=== EXERCISE MATERIAL ===
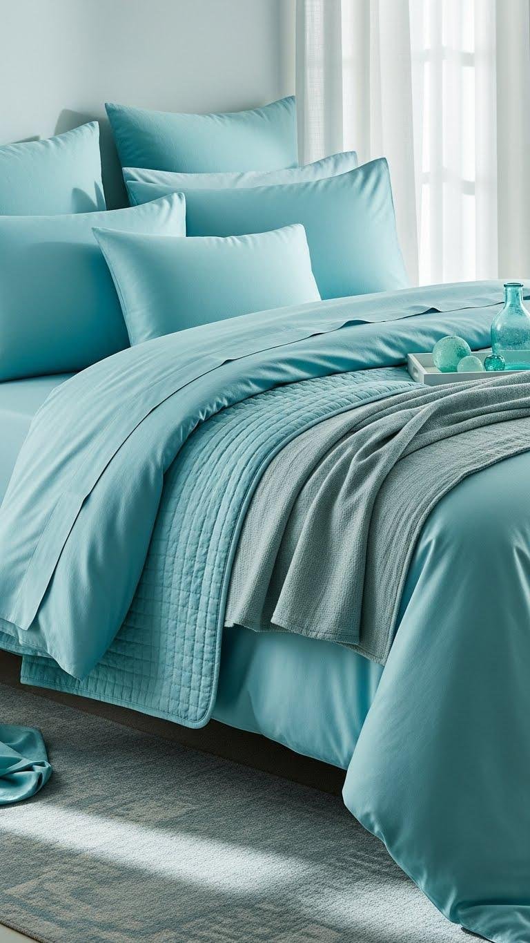 Layered Turquoise Bedding for Depth and Calm
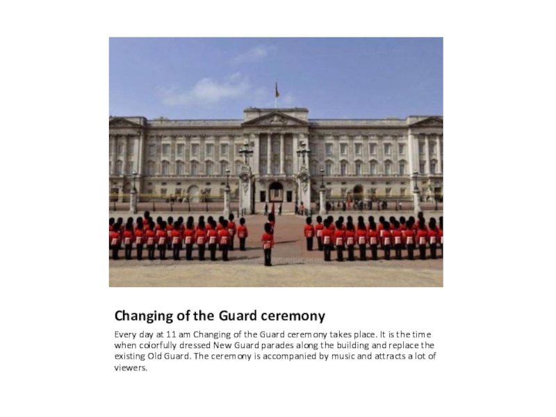 Changing of the Guard ceremonyEvery day at 11 am Changing of the Guard ceremony takes place. It
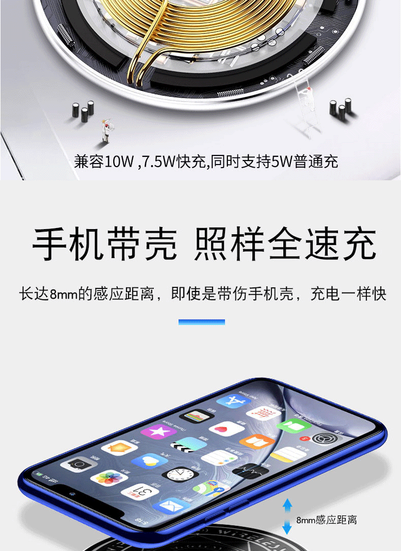 Беспроводное зарядное устройство Magic array подходит для быстрой зарядки Apple 11/8/xr/Android Huawei p30pro Xiaomi 9.
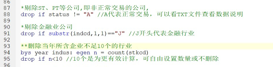 3、行业分类有几个,本次计算以2012年的证监会行业标准,制造业使用二级分类,其他行业使用大类,本文剔除金融行业,如果不希望这样处理可以把对应代码删除或不运行
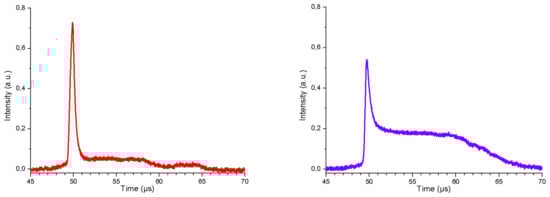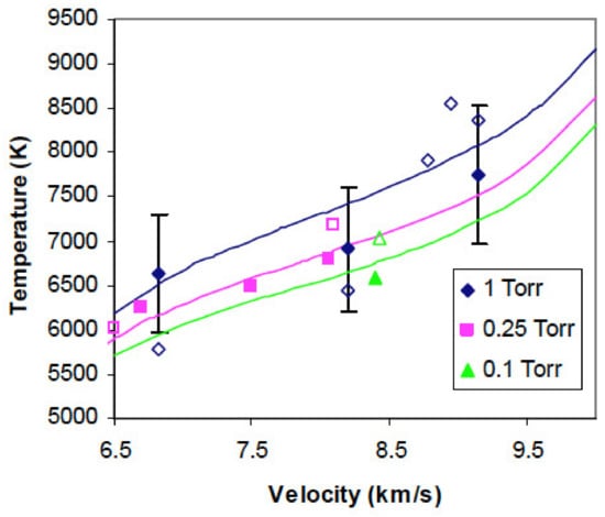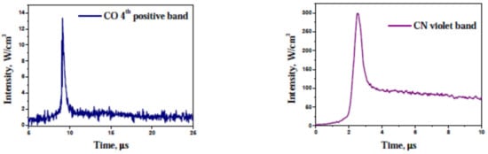 - Kozlov, P.V.; Romanenko, Y.V.; Shatalov, O.P. Radiation intensity measurement in simulated Martian atmospheres on the double diaphragm shock tube, ESA SP-689. In Proceedings of the 4th International Workshop on Radiation of High Temperature Gases in Atmospheric Entry, Lausanne, Switzerland, 12–15 October 2010. [Google Scholar]
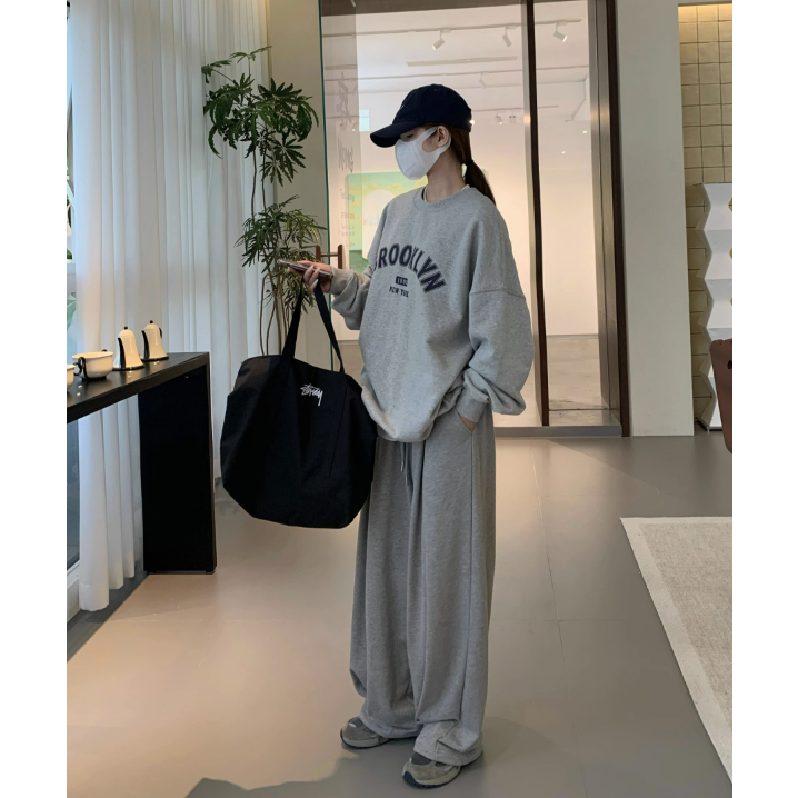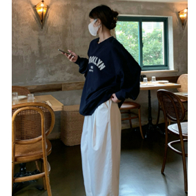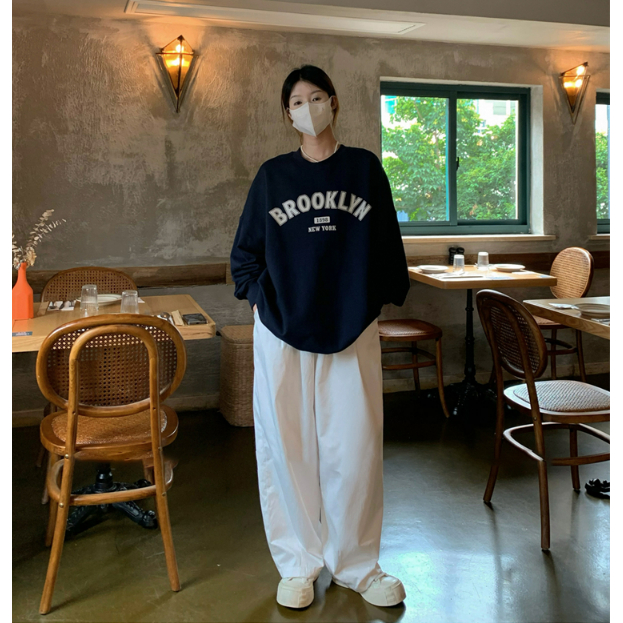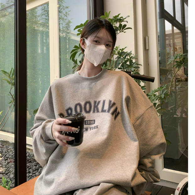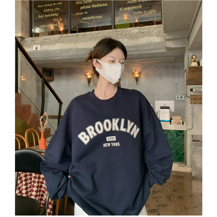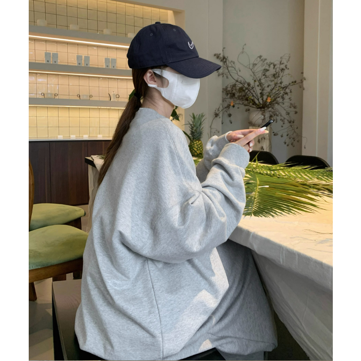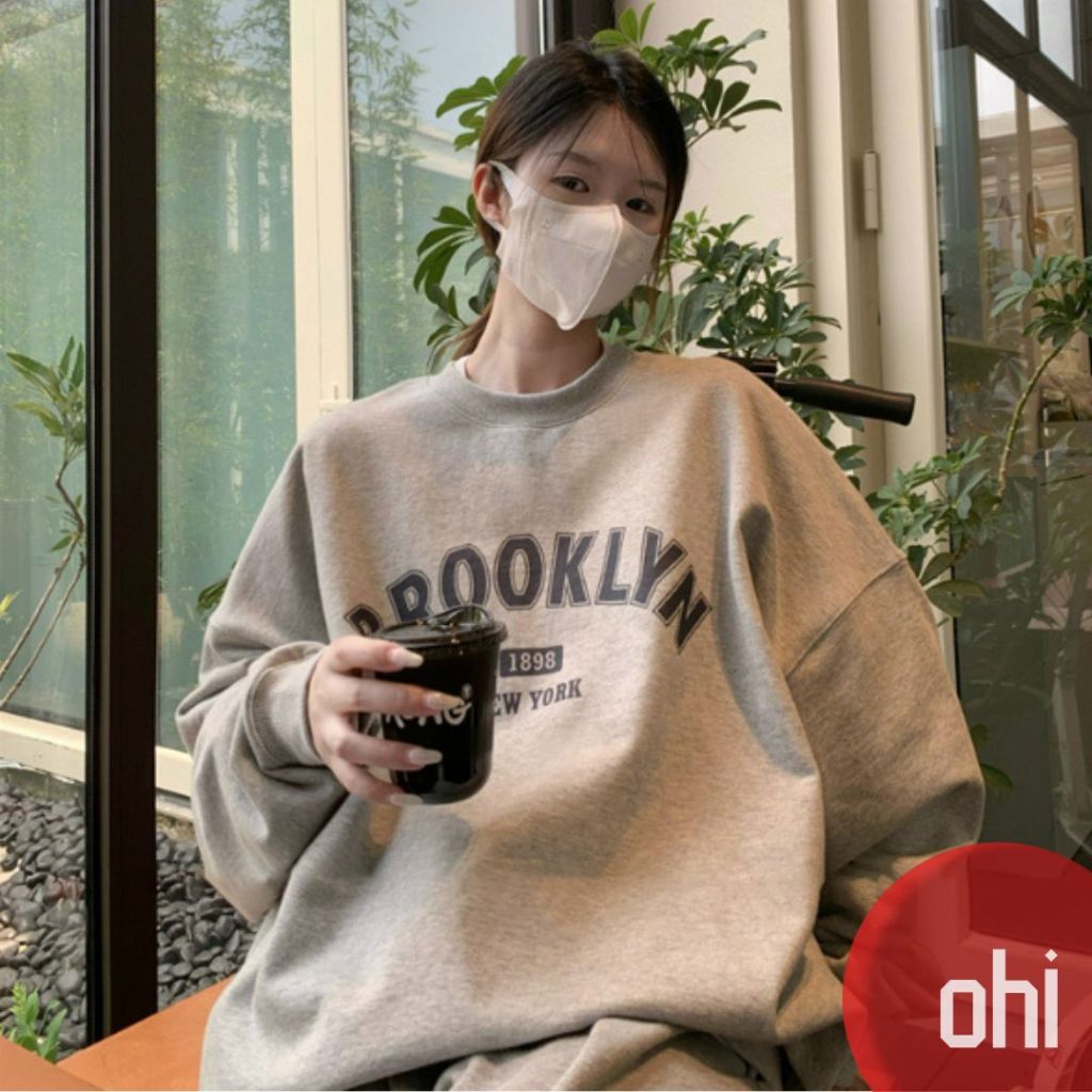 【ohi】2色可選字母印花長袖上衣 素色長袖大學T 長袖衛衣 圓領衛衣女t 女長t (GTD246)杏灰色,L|杏灰色,XL|杏灰色,2XL|藏青色,M|藏青色,L|藏青色,XL|藏青色,2XL|杏灰色,MSweatshirtsOHI衣著
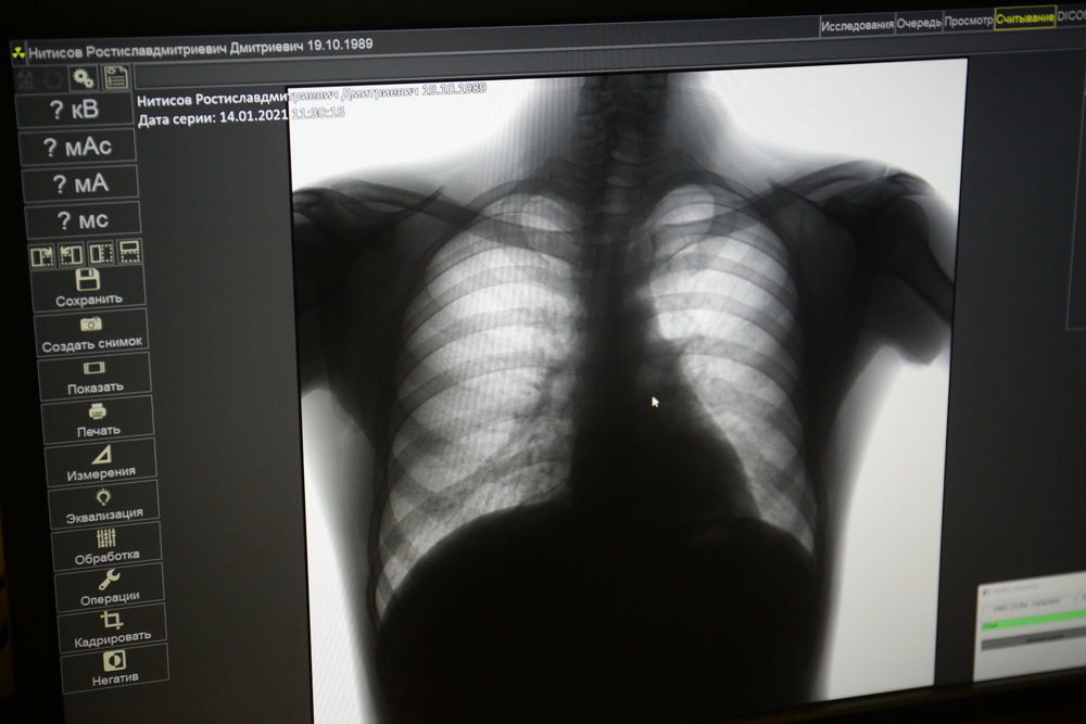 «Это цифровой маммограф: нет плёночек — снимок на экране. Отправляем сразу докторам. Это быстро, и не нужно проявлять плёнки. Больший поток населения можем пропустить», — объясняет рентген-лаборант Елена Морева.
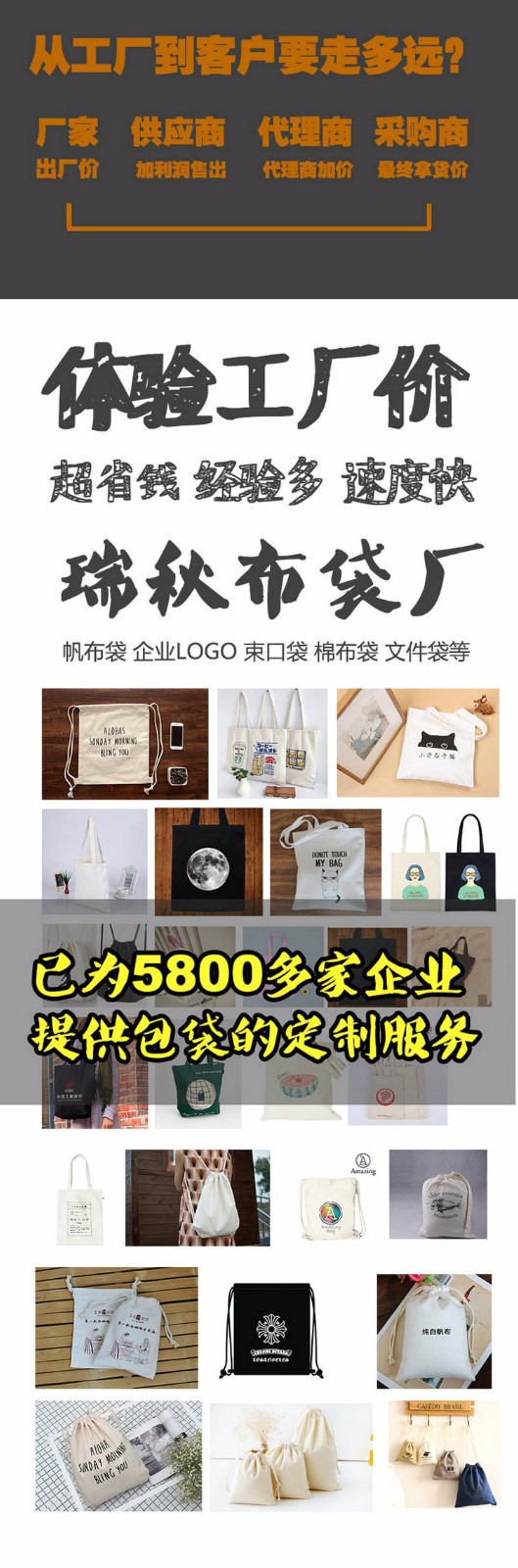 合肥瑞秋布袋廠(瑞秋布袋)是一家專業(yè)加工帆布袋,原創(chuàng)設(shè)計(jì)帆布袋,手工定制帆布袋,布藝手工制作,帆布袋DIY,大布袋子,帆布袋接單,帆布袋批發(fā),手袋束口袋加工,環(huán)保袋制作等的一家布藝手工加工廠.在消費(fèi)者當(dāng)中享有較高的地位,公司與多家零售商和代理商建立了長期穩(wěn)定的合作關(guān)系。合肥瑞秋布袋廠實(shí)力雄厚,重信用、守合同、保證產(chǎn)品質(zhì)量,以多品種經(jīng)營特色和薄利多銷的原則,贏得了廣大客戶的信任。
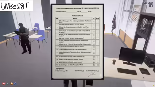 03:15:25Ein Chaos in der Fahrschule sorgt für Turbulenzen während einer Fahrprüfung. Es kommt zu technischen Problemen mit dem Prüfungsauto und dem Prüfling werden grundlegende Verkehrsregeln abgefragt. Die Prüfungsleistung des Kandidaten ist desaströs und er scheitert an fast allen Fragen. Der Prüfer ist überfordert und der Kandidat zeigt sich unkooperativ.
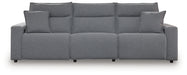Details | Includes 3 modular pieces: left-arm facing power recliner, armless chair and right-arm facing power recliner, "Left-arm" and "right-arm" describe the position of the arm when you face the piece, Versatile modular pieces fit together in a variety of configurations, One-touch power control with adjustable positions, Easy View™ adjustable headrest and zero-draw USB port, Zero-draw technology only consumes power when the USB receptacle is in use, Corner-blocked frame with metal reinforced seat, Attached back and seat cushions; high-quality foam cushions wrapped in poly fiber, Polyester upholstery, Next-Gen Nuvella™ is a family-friendly fabric that is soft, easy to clean, stain-resistant and durable, Clean fabric with mild soap and water, let air dry; for stubborn stains, use a solution of 4 oz. bleach to 28 oz. water, Throw pillows with easy-to-remove zippered covers for machine washing; pillows with soft polyfill, Zero wall recliner design requires minimal space between wall and chair back, Power cord included; UL Listed | |
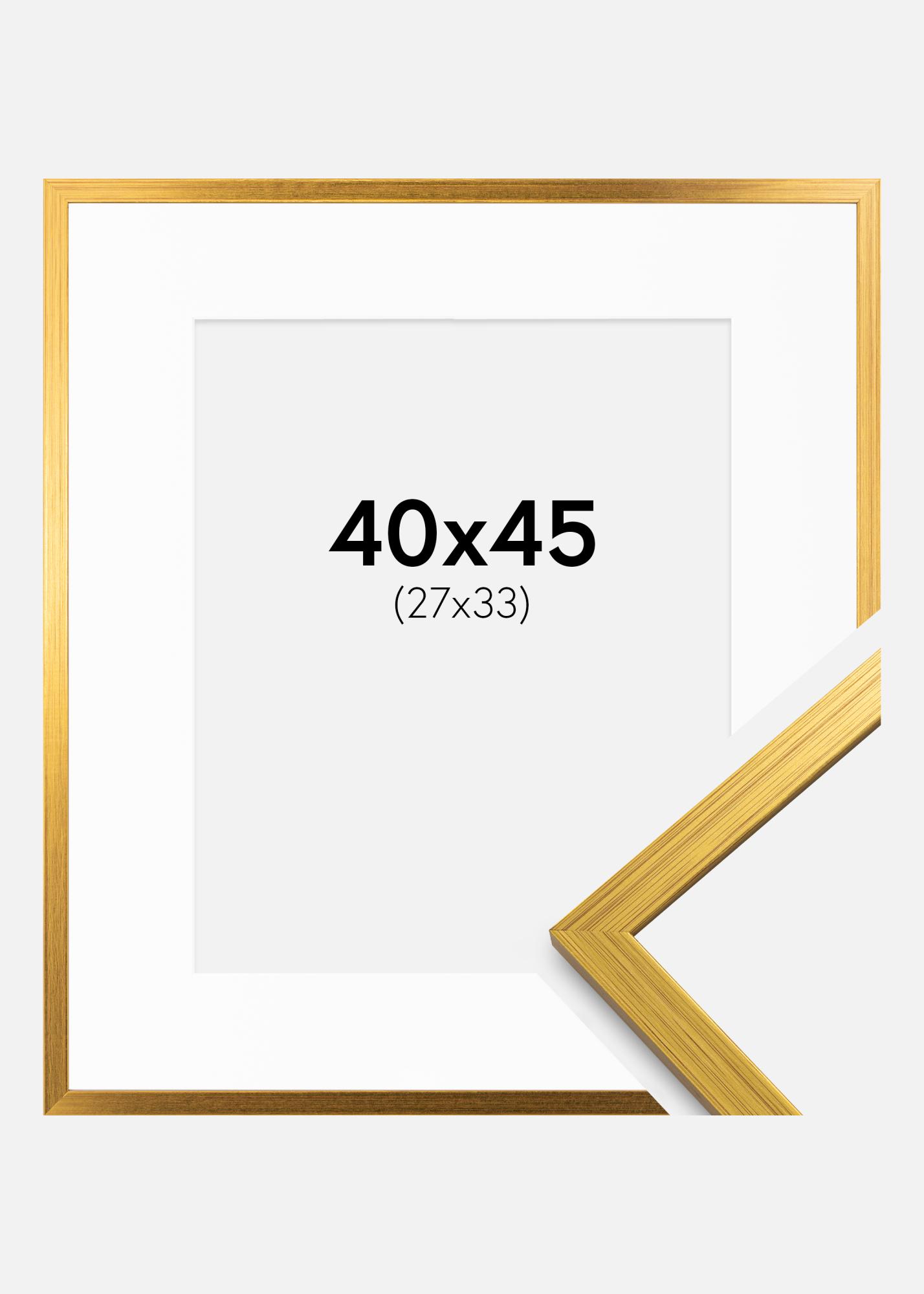 Transforma tus imágenes en obras de arte con nuestro elegante marco en oro, completo con un passepartout blanco. Este marco está diseñado para adaptarse a imágenes de tamaño 28x34 cm y ofrece un enmarcado sofisticado que resalta el motivo de una manera elegante. Con un ancho de 13 mm y una profundidad de 11,5 mm, ofrece un perfil estrecho y moderno que encaja perfectamente en cualquier hogar.

=== PROBLEM STATEMENT ===
Set down every record once more, word for word, without pictures.

=== ANSWER AREA ===
 Layered Turquoise Bedding for Depth and Calm
 Changing of the Guard ceremonyEvery day at 11 am Changing of the Guard ceremony takes place. It
 Беспроводное зарядное устройство Magic array подходит для быстрой зарядки Apple 11/8/xr/Android Huawei p30pro Xiaomi 9.
 3、行业分类有几个,本次计算以2012年的证监会行业标准,制造业使用二级分类,其他行业使用大类,本文剔除金融行业,如果不希望这样处理可以把对应代码删除或不运行
 - Kozlov, P.V.; Romanenko, Y.V.; Shatalov, O.P. Radiation intensity measurement in simulated Martian atmospheres on the double diaphragm shock tube, ESA SP-689. In Proceedings of the 4th International Workshop on Radiation of High Temperature Gases in Atmospheric Entry, Lausanne, Switzerland, 12–15 October 2010. [Google Scholar]
 【ohi】2色可選字母印花長袖上衣 素色長袖大學T 長袖衛衣 圓領衛衣女t 女長t (GTD246)杏灰色,L|杏灰色,XL|杏灰色,2XL|藏青色,M|藏青色,L|藏青色,XL|藏青色,2XL|杏灰色,MSweatshirtsOHI衣著
 «Это цифровой маммограф: нет плёночек — снимок на экране. Отправляем сразу докторам. Это быстро, и не нужно проявлять плёнки. Больший поток населения можем пропустить», — объясняет рентген-лаборант Елена Морева.
 合肥瑞秋布袋廠(瑞秋布袋)是一家專業(yè)加工帆布袋,原創(chuàng)設(shè)計(jì)帆布袋,手工定制帆布袋,布藝手工制作,帆布袋DIY,大布袋子,帆布袋接單,帆布袋批發(fā),手袋束口袋加工,環(huán)保袋制作等的一家布藝手工加工廠.在消費(fèi)者當(dāng)中享有較高的地位,公司與多家零售商和代理商建立了長期穩(wěn)定的合作關(guān)系。合肥瑞秋布袋廠實(shí)力雄厚,重信用、守合同、保證產(chǎn)品質(zhì)量,以多品種經(jīng)營特色和薄利多銷的原則,贏得了廣大客戶的信任。
 03:15:25Ein Chaos in der Fahrschule sorgt für Turbulenzen während einer Fahrprüfung. Es kommt zu technischen Problemen mit dem Prüfungsauto und dem Prüfling werden grundlegende Verkehrsregeln abgefragt. Die Prüfungsleistung des Kandidaten ist desaströs und er scheitert an fast allen Fragen. Der Prüfer ist überfordert und der Kandidat zeigt sich unkooperativ.
Details | Includes 3 modular pieces: left-arm facing power recliner, armless chair and right-arm facing power recliner, "Left-arm" and "right-arm" describe the position of the arm when you face the piece, Versatile modular pieces fit together in a variety of configurations, One-touch power control with adjustable positions, Easy View™ adjustable headrest and zero-draw USB port, Zero-draw technology only consumes power when the USB receptacle is in use, Corner-blocked frame with metal reinforced seat, Attached back and seat cushions; high-quality foam cushions wrapped in poly fiber, Polyester upholstery, Next-Gen Nuvella™ is a family-friendly fabric that is soft, easy to clean, stain-resistant and durable, Clean fabric with mild soap and water, let air dry; for stubborn stains, use a solution of 4 oz. bleach to 28 oz. water, Throw pillows with easy-to-remove zippered covers for machine washing; pillows with soft polyfill, Zero wall recliner design requires minimal space between wall and chair back, Power cord included; UL Listed | |
 Transforma tus imágenes en obras de arte con nuestro elegante marco en oro, completo con un passepartout blanco. Este marco está diseñado para adaptarse a imágenes de tamaño 28x34 cm y ofrece un enmarcado sofisticado que resalta el motivo de una manera elegante. Con un ancho de 13 mm y una profundidad de 11,5 mm, ofrece un perfil estrecho y moderno que encaja perfectamente en cualquier hogar.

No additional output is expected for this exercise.